• PROBLEM DETAILS
Since the records include pictures, leave those out while you reproduce exactly and only the lines from the one containing "16ARLINGTON jumpsuit in" through the one containing "10-osainen painiketaulu orja-termostaattitoiminnolla, toimien", inclusive.

• EXTRACTED DATA
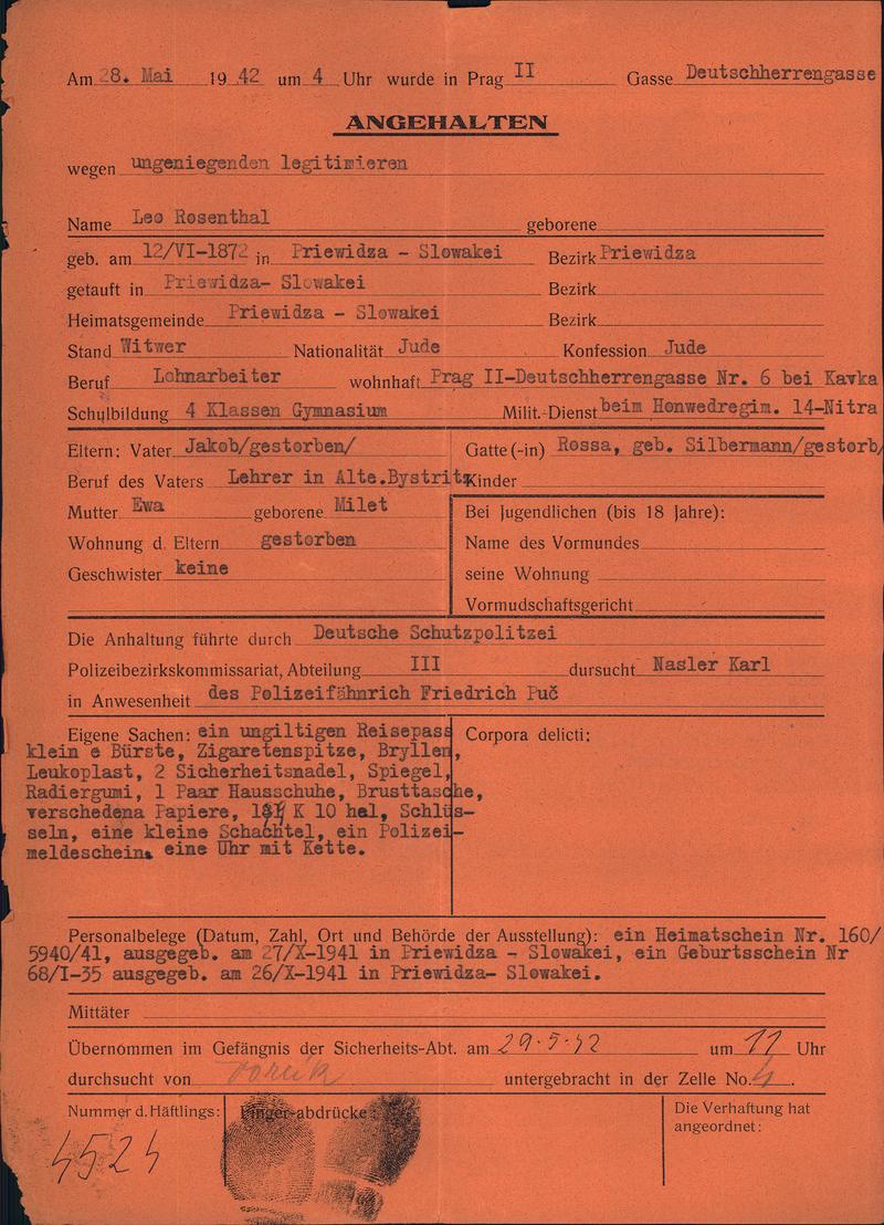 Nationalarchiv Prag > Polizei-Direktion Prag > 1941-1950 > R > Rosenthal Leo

--

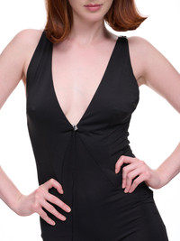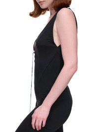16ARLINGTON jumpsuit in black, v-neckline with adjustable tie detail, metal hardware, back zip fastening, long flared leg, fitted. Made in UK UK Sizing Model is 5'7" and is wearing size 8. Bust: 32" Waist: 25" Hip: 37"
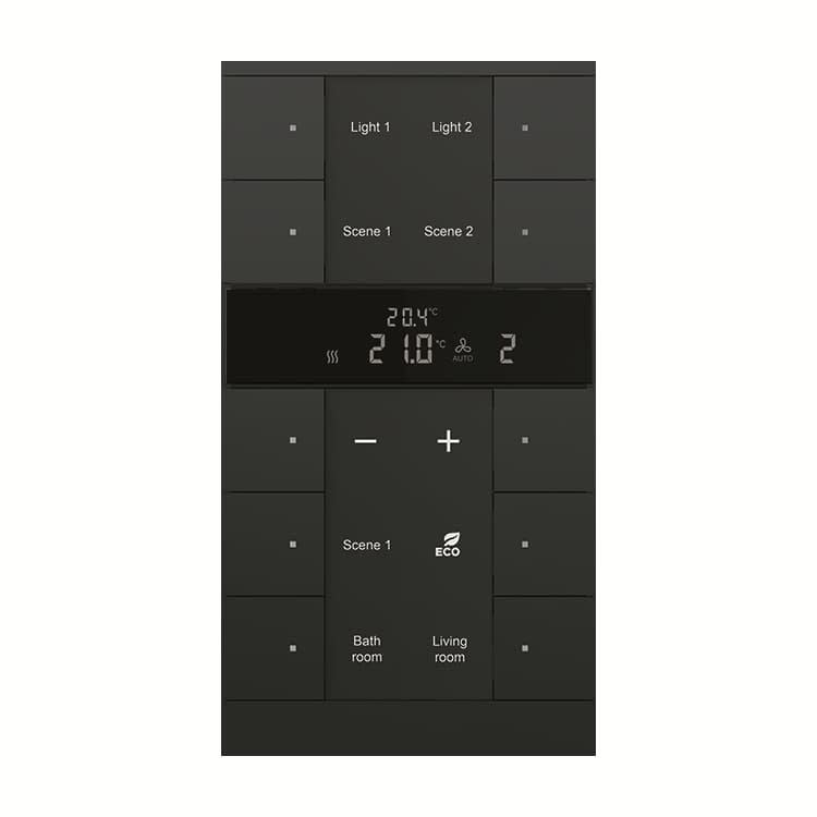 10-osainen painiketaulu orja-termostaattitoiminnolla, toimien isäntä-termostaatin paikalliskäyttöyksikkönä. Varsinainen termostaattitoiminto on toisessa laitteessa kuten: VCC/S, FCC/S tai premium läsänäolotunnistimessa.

• ANSWER BOX
16ARLINGTON jumpsuit in black, v-neckline with adjustable tie detail, metal hardware, back zip fastening, long flared leg, fitted. Made in UK UK Sizing Model is 5'7" and is wearing size 8. Bust: 32" Waist: 25" Hip: 37"
 10-osainen painiketaulu orja-termostaattitoiminnolla, toimien isäntä-termostaatin paikalliskäyttöyksikkönä. Varsinainen termostaattitoiminto on toisessa laitteessa kuten: VCC/S, FCC/S tai premium läsänäolotunnistimessa.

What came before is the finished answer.